:: What is being asked ::
Print each entry word for word without images.

(Stored dataset items)
::::::::

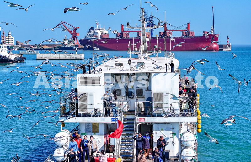 近日,随着天气逐渐回暖,山东省荣成市海驴岛海域迎来大批黑尾鸥,为春日的海岛增添了一抹灵动的色彩。海驴岛环岛游项目也应季开航,吸引众多游客乘船出行,近距离感受人与自然和谐共处的美好。游船激起层层浪花,与蓝天、大海和黑尾鸥共同构成一幅美丽的自然画卷。海驴岛位于荣成市北部海域,面积约0.11平方千米 ,因整座岛屿状似一只驴卧于海中而得名。这里自然条件优越,是黑尾鸥重要的栖息繁殖地,每年来到海驴岛的黑尾鸥总数量可达四万余只,因此海驴岛也享有“海上仙山、鸥鹭王国”的美誉。
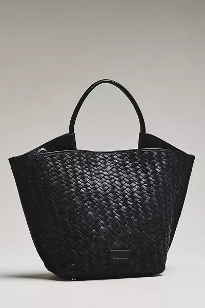 Austin Large Woven Leather Top Handle Bag In Black
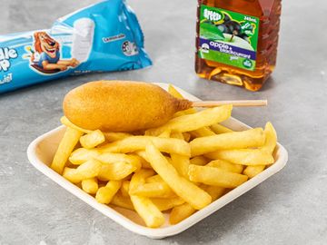 Mini dagwood dog, serve of chips, 250ml drink and dessert
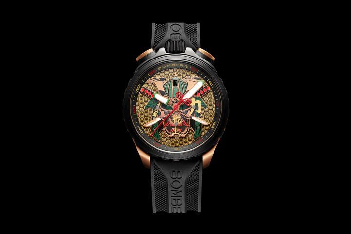 为了进一步彰显武士精神,Bomberg采用黑色PVD镀层搭配玫瑰金色调,营造刚柔并济的视觉冲击:
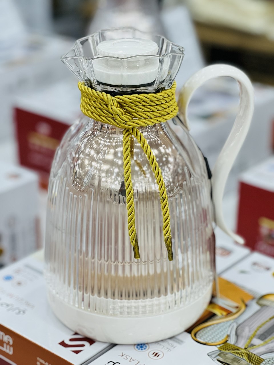 ترمس بتصميم فاخر يجمع بين الزجاج الشفاف والخطوط العمودية الراقية، مثالي لتقديم القهوة أو الشاي بأناقة
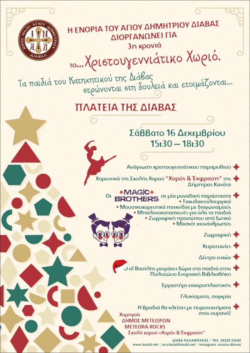 Η ΕΝΟΡΙΑ ΤΟΥ ΑΓΙΟΥ ΔΗΜΗΤΡΙΟΥ ΔΙΑΒΑΣ ΔΙΟΡΓΑΝΩΝΕΙ για 3η χρονιά το … Χριστουγεννιάτικο Χωριό.
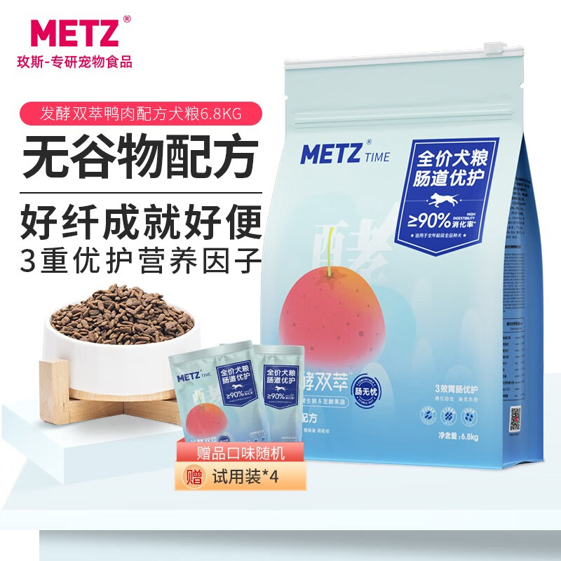 玫斯(metz)发酵双萃肠道优护全价通用狗粮小中大型犬粮成犬幼犬泰迪比熊 鸭肉味6.8kg

::::::::

:: Result ::
 近日,随着天气逐渐回暖,山东省荣成市海驴岛海域迎来大批黑尾鸥,为春日的海岛增添了一抹灵动的色彩。海驴岛环岛游项目也应季开航,吸引众多游客乘船出行,近距离感受人与自然和谐共处的美好。游船激起层层浪花,与蓝天、大海和黑尾鸥共同构成一幅美丽的自然画卷。海驴岛位于荣成市北部海域,面积约0.11平方千米 ,因整座岛屿状似一只驴卧于海中而得名。这里自然条件优越,是黑尾鸥重要的栖息繁殖地,每年来到海驴岛的黑尾鸥总数量可达四万余只,因此海驴岛也享有“海上仙山、鸥鹭王国”的美誉。
 Austin Large Woven Leather Top Handle Bag In Black
 Mini dagwood dog, serve of chips, 250ml drink and dessert
 为了进一步彰显武士精神,Bomberg采用黑色PVD镀层搭配玫瑰金色调,营造刚柔并济的视觉冲击:
 ترمس بتصميم فاخر يجمع بين الزجاج الشفاف والخطوط العمودية الراقية، مثالي لتقديم القهوة أو الشاي بأناقة
 Η ΕΝΟΡΙΑ ΤΟΥ ΑΓΙΟΥ ΔΗΜΗΤΡΙΟΥ ΔΙΑΒΑΣ ΔΙΟΡΓΑΝΩΝΕΙ για 3η χρονιά το … Χριστουγεννιάτικο Χωριό.
 玫斯(metz)发酵双萃肠道优护全价通用狗粮小中大型犬粮成犬幼犬泰迪比熊 鸭肉味6.8kg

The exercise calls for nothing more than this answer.